Entries taken from a collection
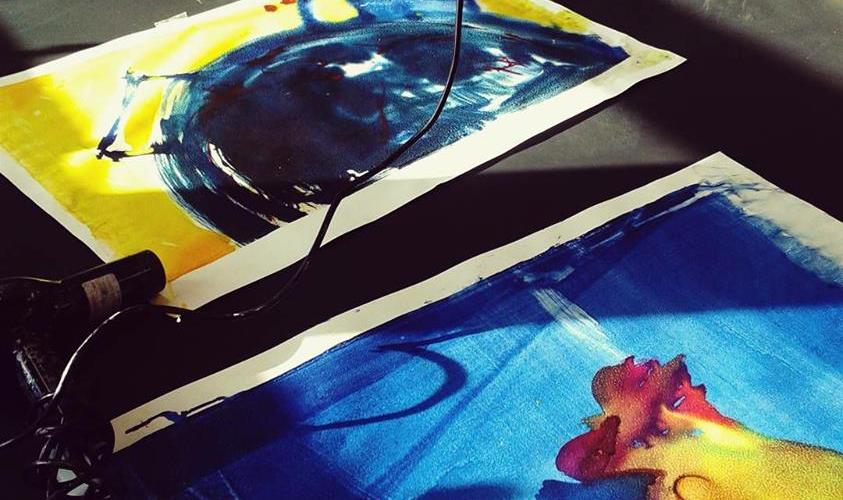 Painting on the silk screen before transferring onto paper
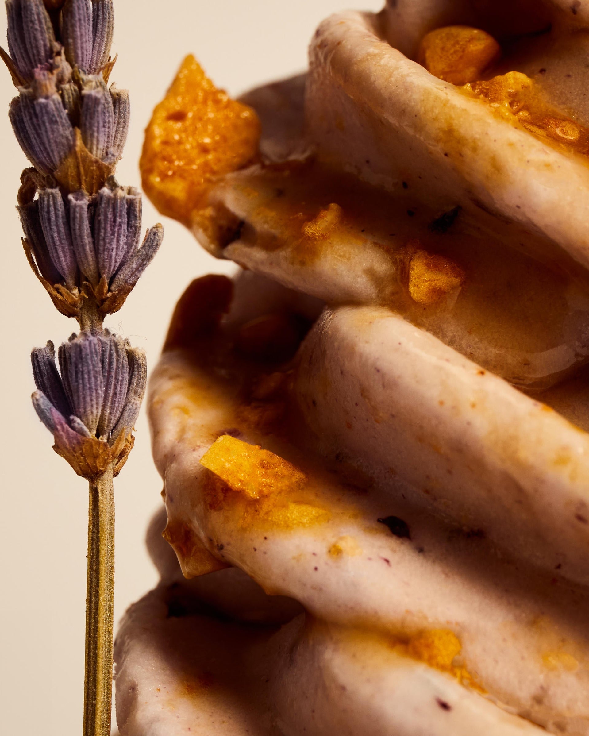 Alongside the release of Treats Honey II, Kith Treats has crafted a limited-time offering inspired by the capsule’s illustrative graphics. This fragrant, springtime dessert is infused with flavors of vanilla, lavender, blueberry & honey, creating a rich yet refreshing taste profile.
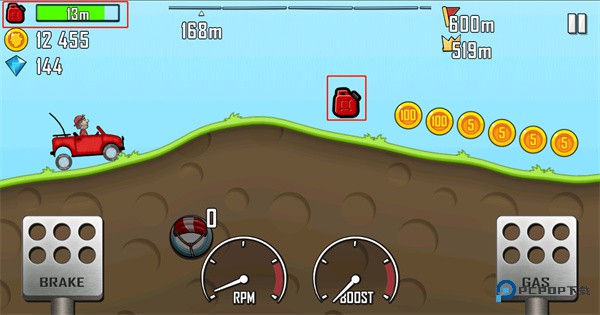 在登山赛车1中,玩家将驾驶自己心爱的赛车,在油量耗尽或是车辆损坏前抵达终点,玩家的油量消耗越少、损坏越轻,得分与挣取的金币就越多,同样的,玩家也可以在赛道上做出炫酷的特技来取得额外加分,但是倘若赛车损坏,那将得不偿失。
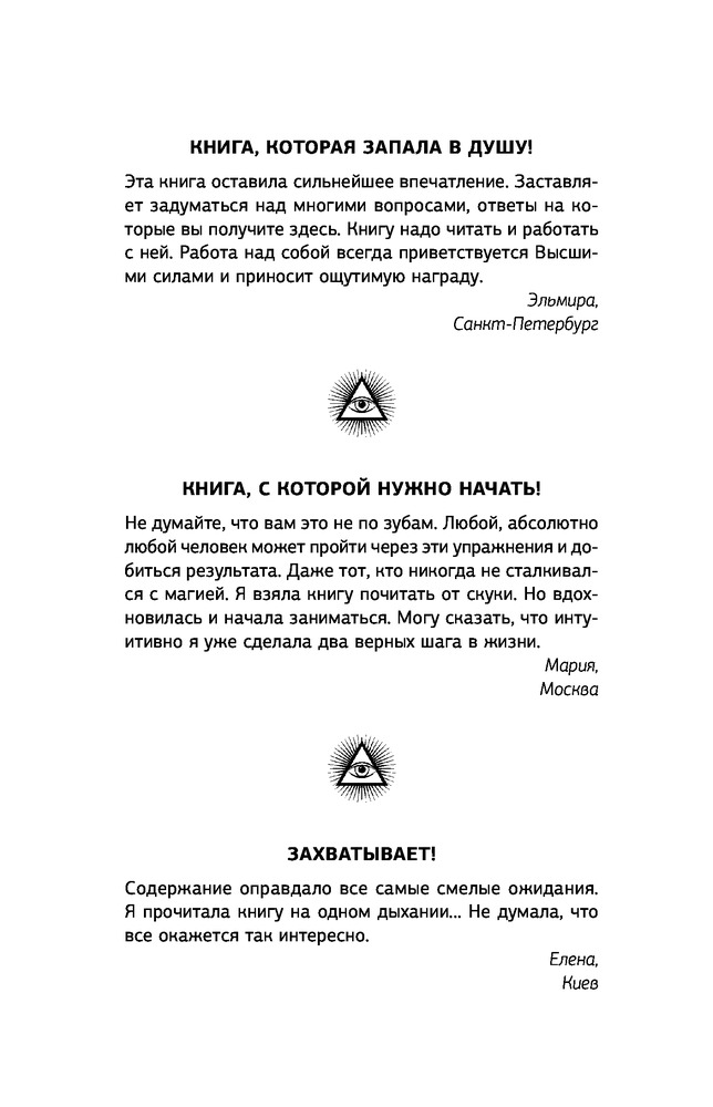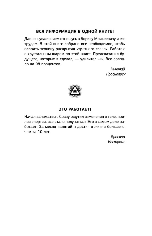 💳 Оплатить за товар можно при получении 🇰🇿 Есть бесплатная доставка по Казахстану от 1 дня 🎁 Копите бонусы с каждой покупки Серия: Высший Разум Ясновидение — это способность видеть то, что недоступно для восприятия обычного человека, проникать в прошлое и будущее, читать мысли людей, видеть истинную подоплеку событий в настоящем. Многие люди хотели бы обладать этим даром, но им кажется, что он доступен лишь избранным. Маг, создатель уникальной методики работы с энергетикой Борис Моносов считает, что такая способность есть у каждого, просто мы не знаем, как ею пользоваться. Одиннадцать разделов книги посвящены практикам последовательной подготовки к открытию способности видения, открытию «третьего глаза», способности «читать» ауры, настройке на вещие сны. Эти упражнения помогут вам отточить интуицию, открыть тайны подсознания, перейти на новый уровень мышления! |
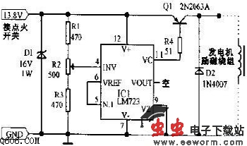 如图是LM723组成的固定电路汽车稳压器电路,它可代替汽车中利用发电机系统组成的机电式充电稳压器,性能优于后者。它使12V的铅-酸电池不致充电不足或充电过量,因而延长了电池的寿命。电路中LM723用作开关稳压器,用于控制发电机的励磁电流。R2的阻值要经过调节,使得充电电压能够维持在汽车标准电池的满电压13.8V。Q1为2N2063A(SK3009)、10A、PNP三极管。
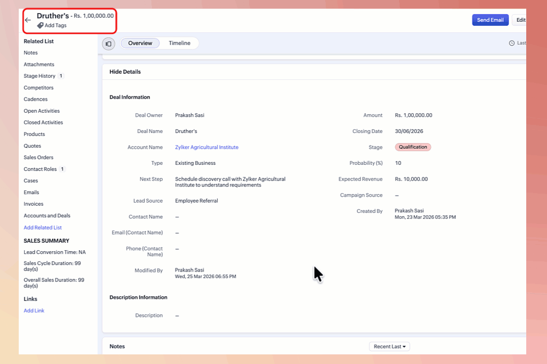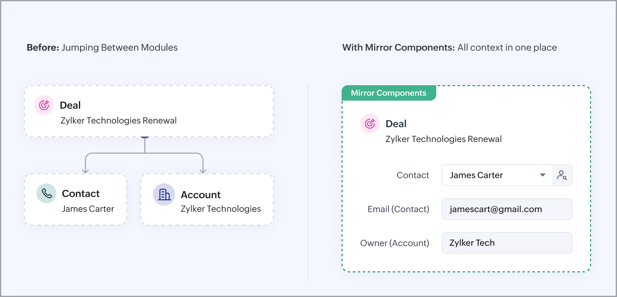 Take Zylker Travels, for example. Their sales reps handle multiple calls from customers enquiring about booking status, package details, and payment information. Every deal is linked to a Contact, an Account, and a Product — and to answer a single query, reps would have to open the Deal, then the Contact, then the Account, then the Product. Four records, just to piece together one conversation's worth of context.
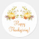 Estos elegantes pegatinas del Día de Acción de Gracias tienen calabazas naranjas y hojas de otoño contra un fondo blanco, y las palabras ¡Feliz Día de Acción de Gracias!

==

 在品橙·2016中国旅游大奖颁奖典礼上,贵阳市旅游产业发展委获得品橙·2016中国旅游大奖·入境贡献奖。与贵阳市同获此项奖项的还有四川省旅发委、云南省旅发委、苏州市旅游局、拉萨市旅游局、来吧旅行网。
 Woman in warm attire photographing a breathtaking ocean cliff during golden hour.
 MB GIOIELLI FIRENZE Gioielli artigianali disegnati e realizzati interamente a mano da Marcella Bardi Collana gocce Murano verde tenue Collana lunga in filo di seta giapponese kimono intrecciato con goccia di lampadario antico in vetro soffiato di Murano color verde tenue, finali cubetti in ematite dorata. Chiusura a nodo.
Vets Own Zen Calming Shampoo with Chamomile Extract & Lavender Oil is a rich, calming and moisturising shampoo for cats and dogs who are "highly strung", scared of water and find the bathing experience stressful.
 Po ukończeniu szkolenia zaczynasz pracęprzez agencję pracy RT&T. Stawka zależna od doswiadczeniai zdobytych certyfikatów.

Aim of the exercise: After locating the line containing "如图是LM723组成的固定电" in the entries above, return it and every line after it exactly, ending at the line containing "Estos elegantes pegatinas", without pictures.

Task result:
 如图是LM723组成的固定电路汽车稳压器电路,它可代替汽车中利用发电机系统组成的机电式充电稳压器,性能优于后者。它使12V的铅-酸电池不致充电不足或充电过量,因而延长了电池的寿命。电路中LM723用作开关稳压器,用于控制发电机的励磁电流。R2的阻值要经过调节,使得充电电压能够维持在汽车标准电池的满电压13.8V。Q1为2N2063A(SK3009)、10A、PNP三极管。
 Take Zylker Travels, for example. Their sales reps handle multiple calls from customers enquiring about booking status, package details, and payment information. Every deal is linked to a Contact, an Account, and a Product — and to answer a single query, reps would have to open the Deal, then the Contact, then the Account, then the Product. Four records, just to piece together one conversation's worth of context.
 Estos elegantes pegatinas del Día de Acción de Gracias tienen calabazas naranjas y hojas de otoño contra un fondo blanco, y las palabras ¡Feliz Día de Acción de Gracias!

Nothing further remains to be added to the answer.